Crépuscule sur l'Islam, voyage au pays des croyants
de Vidiadhar Surajprasad Naipaul

critiqué par Oburoni, le 11 juillet 2011
(Waltham Cross - 41 ans)


La note:  étoiles
L'Islam en action
La fin des années 1970 et le début des années 1980 représentent un tournant pour l'Islam. La révolution qui voit Khomeini prendre le pouvoir en Iran inspire d'autres pays, certains sombrant aussi peu à peu dans des théocraties islamistes. Le monde, soudain, semble basculer, s'éveiller à un fanatisme religieux de plus en plus dangereux et influent. Les femmes disparaissent sous des voiles, les dissidents jetés en prison ou lapidés en public, des citoyens fouettés dans les rues, les ambassades prises en otage, même la Mecque devient le théâtre d'un bain de sang.

V.S. Naipaul ne connait pas grand chose à l'Islam. Comme beaucoup alors il est ignorant de son histoire, de ses querelles théologiques mais, malgré son ignorance (ou plutôt à cause d'elle) il veut toutefois comprendre, saisir le pourquoi de son importance et de l'impact de plus en plus grand qu'il prend dans certaines parties du monde. Entre 1979 et 1980 il voyage donc pendant sept mois dans quatre pays où cette religion semble prendre des proportions majeures : l'Iran, le Pakistan, la Malaisie et, enfin, l'Indonésie.

Dans un climat chaotique il va des centres urbains aux régions les plus reculées, rencontre des gens simples et des personnalités intellectuelles, politiques et religieuses, découvre l'Islam tout en se confrontant à ses dérives les plus totalitaires et violentes.

C'était il y a plus de trente ans. Le tout reste pourtant tristement familier.

Instructif, plus on s'avance dans le livre et plus on contemple ces pays s'enfoncer dangereusement dans les ténèbres. Un nouvel obscurantisme religieux se répand, servant des intérêts politiques et nationalistes, catalysant les haines et frustrations de contrées à la dérive. Lucide, il s'agit aussi plus que de simple politique. Partout en effet, malgré ses divisions en sectes qui s'affrontent parfois violemment on saisit avec horreur comment l'Islam, de par la nature de la foi qu'il professe, constitue un fuel explosif.

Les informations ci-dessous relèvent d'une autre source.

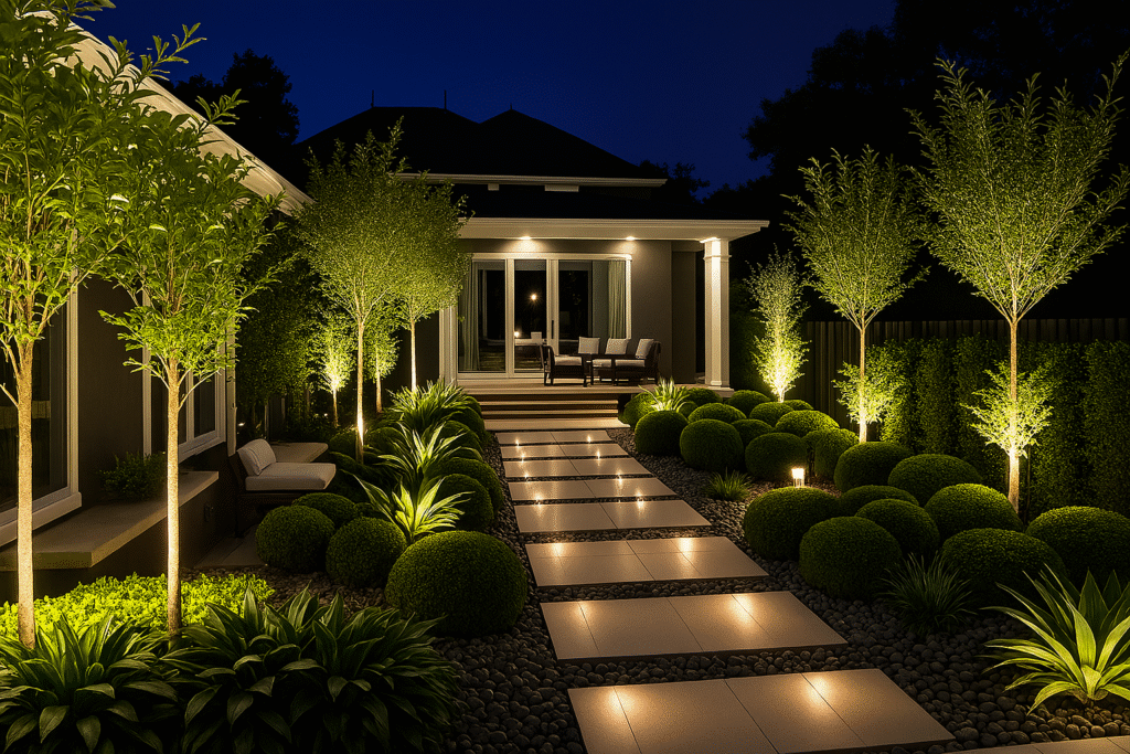 This front elevation radiates elegance through a perfectly orchestrated blend of landscape design and architectural lighting. A straight pathway of large, square tiles, framed by smooth river stones, leads the eye toward a cozy seating area under a covered porch. Each step is illuminated by recessed pathway lights, creating a welcoming glow. Manicured spherical shrubs and symmetrical rows of slender trees, highlighted by upward-facing spotlights, form a structured yet lush border. Low-level plantings with dramatic lighting add depth and texture, while the dark backdrop of the home enhances the warm illumination. This design offers a luxurious, resort-like ambiance that elevates curb appeal after dark.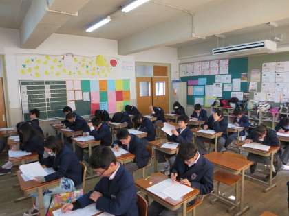 19日から21日までが1,2年生の学年末テストでした。この1年間でずいぶん成長しました。学習面での成果を確認するテストです。どの教室も真剣さでピンと張り詰めた雰囲気でした。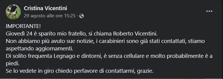 E’ stata la sorella, Cristina, a postare su Facebook un appello che ha subito fatto il giro dei social: “I carabinieri sono già stati contattati, stiamo aspettando aggiornamenti. Di solito frequenta Legnago e dintorni, è senza cellulare e molto probabilmente è a piedi. Se lo vedete in giro chiedo per favore di contattarmi, grazie”. Questo il messaggio condiviso su Facebook dalla sorella.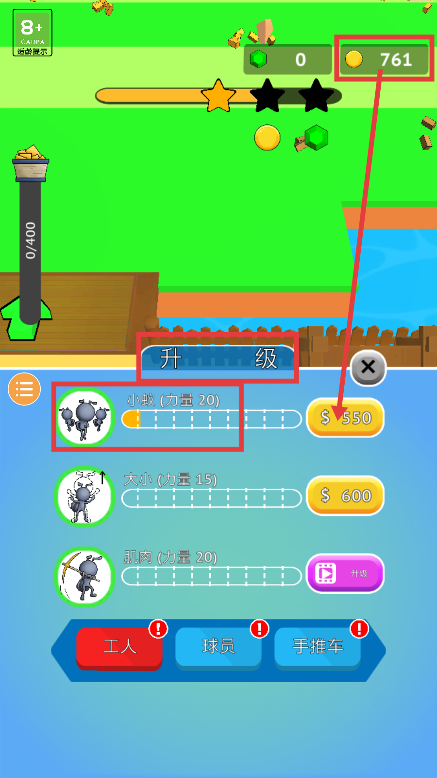 4、利用积累的金币【761】,升级【小蚁(力量20)】,提升蚂蚁力量,增强收集和建造效率,为后续关卡打基础。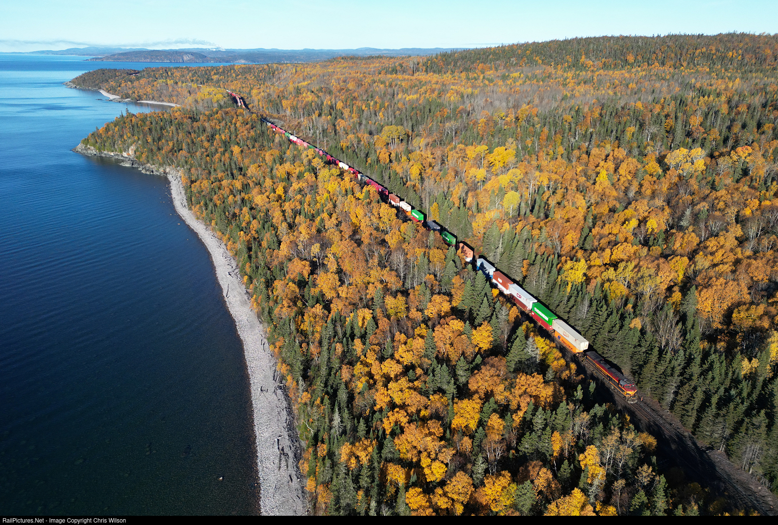 | Montreal Hochelaga, PQ - Vancouver Coquitlam, BC stacks ease along the shores of Lake Superior heading through Jackfish. CPKC train 118-19 is sitting in the siding waiting to be cut loose once 113 clears. |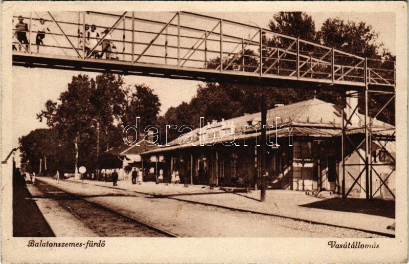Balatonszemes-fürdő, vasútállomás, vasúti felüljáró híd (EK) https://www.darabanth.com/de/412-Fernauktion/412.0/Ansichtskarten/Ungarn~2000006/Balatonszemes-furdo-vasutallomas-vasuti-feluljaro-hid-EK~II2566310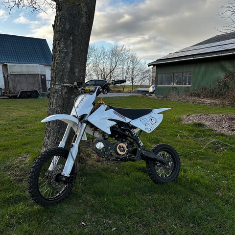Dirtbike motorcykel i sort og blå med knopdæk og affjedring til kørsel i terræn. Modellen har høj siddestilling, brede styr og skivebremser for og bag.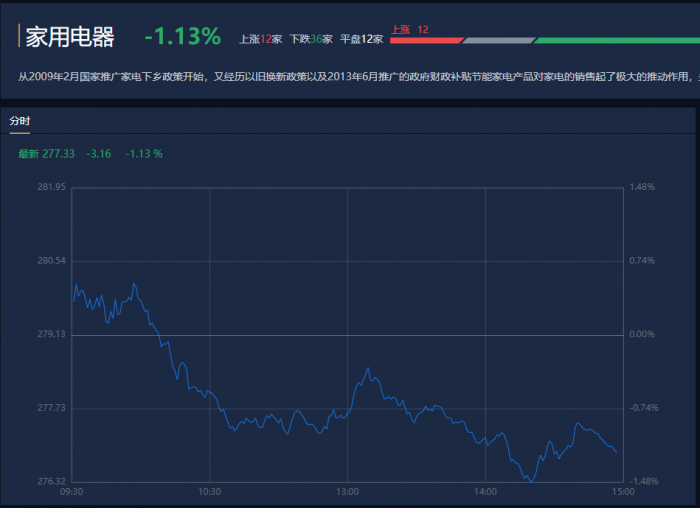 9月29日,截至A股收盘,家用电器板块小幅下跌,南财金融终端数据显示,家用电器主题下跌1.13%,白电股中,长虹美菱涨停,ST奥马平收,其他多股下跌。

La foi en Allah et dans le Coran y apparait comme étant plus, bien plus, que de se raccrocher à quelques dogmes et rituels. Il s'agit d'un tout, un tout qui embrasse de la politique à la morale, un mode de vie complet qui forge toute une identité. Une foi qui n'est pas seulement un concept abstrait, mais une abstraction qui se veut aussi forger toute une culture, une civilisation entièrement "soumise" à Dieu et ne laissant aucune place au compromis. Voyager aux côtés de Naipaul c'est saisir avec effroi les dangers d'une telle vision. Une telle foi, un tel tout, perçu comme il l'est comme étant la solution à des problèmes d'ordre politique et économique ne pouvant en effet que donner naissance à un prosélytisme brutal, la création d'une "société de croyants" devenant l'utopie à laquelle de plus en plus se raccrochent quel qu'en soit le prix.

"Crépuscule sur l'Islam", glaçant, constitue un étrange panorama. Naipaul, malgré son ignorance de départ reste ouvert et lucide. Il donne à voir un Islam divisé, en proie à d’incessantes et irréconciliables querelles théologiques, contesté parfois mais qui n'en demeure pas moins une dangereuse boite de Pandore. La foi aveugle qu'il implique, la "soumission" dans tous les domaines à des dogmes religieux qui s'accaparent alors le pouvoir inquiétait déjà. On en voit les répercussions, terribles, encore aujourd'hui.